--- What you have to do ---
Within the entries below, the lines from the one with "Informamos ainda que" through the one with "4 suítes , sendo" are to be set down exactly, both ends kept.

--- Material to process ---
──────────

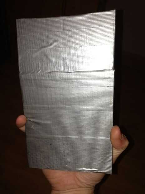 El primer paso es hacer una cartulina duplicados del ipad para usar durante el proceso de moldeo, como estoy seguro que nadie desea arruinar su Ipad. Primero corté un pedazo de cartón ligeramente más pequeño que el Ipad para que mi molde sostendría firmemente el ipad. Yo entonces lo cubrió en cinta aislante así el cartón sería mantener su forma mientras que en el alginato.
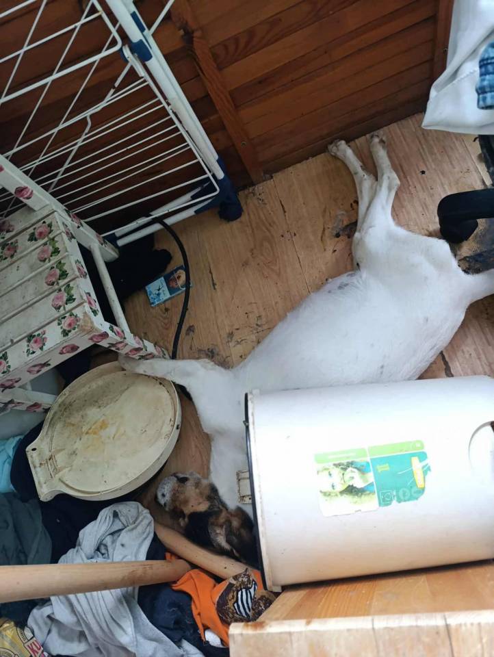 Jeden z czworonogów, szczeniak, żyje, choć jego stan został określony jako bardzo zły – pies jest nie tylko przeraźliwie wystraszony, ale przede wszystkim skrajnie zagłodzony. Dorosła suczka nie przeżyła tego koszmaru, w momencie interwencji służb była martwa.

──────────

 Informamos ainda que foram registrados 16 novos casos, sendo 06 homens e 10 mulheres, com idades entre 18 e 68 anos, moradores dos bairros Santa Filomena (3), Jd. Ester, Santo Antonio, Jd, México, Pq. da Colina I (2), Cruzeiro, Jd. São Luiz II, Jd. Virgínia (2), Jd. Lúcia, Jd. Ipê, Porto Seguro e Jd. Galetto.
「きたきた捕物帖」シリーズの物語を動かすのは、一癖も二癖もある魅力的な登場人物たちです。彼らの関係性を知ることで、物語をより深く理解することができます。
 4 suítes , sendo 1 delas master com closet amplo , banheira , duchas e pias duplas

──────────

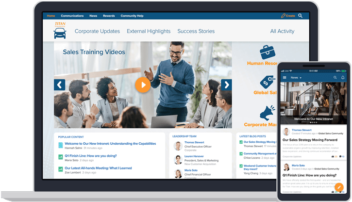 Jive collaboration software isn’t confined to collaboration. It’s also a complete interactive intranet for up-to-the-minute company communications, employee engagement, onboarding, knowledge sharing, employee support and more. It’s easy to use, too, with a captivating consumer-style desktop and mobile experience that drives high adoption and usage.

──────────

--- Exercise solution ---
 Informamos ainda que foram registrados 16 novos casos, sendo 06 homens e 10 mulheres, com idades entre 18 e 68 anos, moradores dos bairros Santa Filomena (3), Jd. Ester, Santo Antonio, Jd, México, Pq. da Colina I (2), Cruzeiro, Jd. São Luiz II, Jd. Virgínia (2), Jd. Lúcia, Jd. Ipê, Porto Seguro e Jd. Galetto.
「きたきた捕物帖」シリーズの物語を動かすのは、一癖も二癖もある魅力的な登場人物たちです。彼らの関係性を知ることで、物語をより深く理解することができます。
 4 suítes , sendo 1 delas master com closet amplo , banheira , duchas e pias duplas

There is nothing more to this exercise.